#### Task description:
Go to the line that contains "Skeem 1. Väljavõte". Restate that line and each one after it exactly, through the end of the records, without pictures.

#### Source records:
# # #
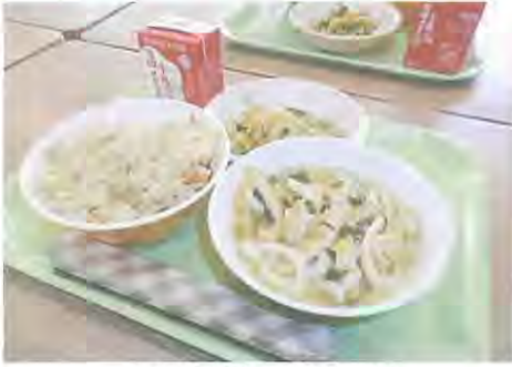
中学校給食のイメージ
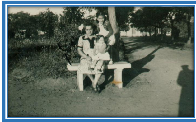
Plaza de Mayo en la década de 1950

y junto a ellos el saber y la serenidad de los mayores, el fuego arrebatador de la juventud, personificado en las figuras aureoladas del bello simbolismo de la edad temprana de French y Berutti, perladas sus sienes por las gotas refrescantes de una mañana lluviosa, repartiendo entre el pueblo los distintivos que usaron los patricios durante las invasiones inglesas, el blanco y el celeste, precursores de nuestra gloriosa e inmaculada bandera ¡jamás atada al carro triunfal de ningún vencedor de la tierra!”.
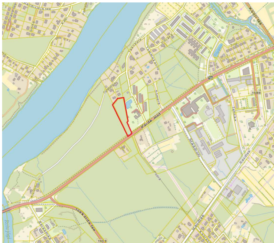
Skeem 1. Väljavõte Maa-ameti kaardirakendusest. Planeeringuala on tähistatud punase kontuuriga.

Planeeringuala asub Pärnu maakonnas Pärnu linnas Paikuse alevis ning hõlmab eraomandis olevat Pohla (56801:001:1293, pindala 8575.0 m 2 ) katastriüksust. Planeeringuala jääb Pärnu jõest ca 170 m kaugusele, Sindi linnapiirist ca 2 km kaugusele ja Pärnu kesklinnast ca 6 km kaugusele (vaata Skeem 1 ).
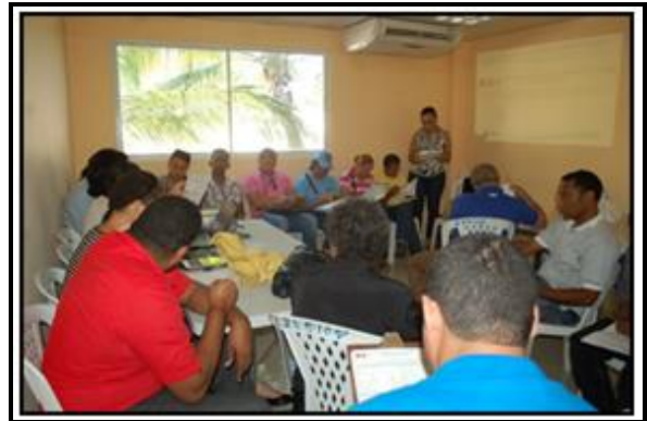
Fotografías 5 y 6: Imágenes de las Jornadas de Capacitación para las Encuestas Socioeconómicas
# # #
#### Response area:
Skeem 1. Väljavõte Maa-ameti kaardirakendusest. Planeeringuala on tähistatud punase kontuuriga.

Planeeringuala asub Pärnu maakonnas Pärnu linnas Paikuse alevis ning hõlmab eraomandis olevat Pohla (56801:001:1293, pindala 8575.0 m 2 ) katastriüksust. Planeeringuala jääb Pärnu jõest ca 170 m kaugusele, Sindi linnapiirist ca 2 km kaugusele ja Pärnu kesklinnast ca 6 km kaugusele (vaata Skeem 1 ).
Fotografías 5 y 6: Imágenes de las Jornadas de Capacitación para las Encuestas Socioeconómicas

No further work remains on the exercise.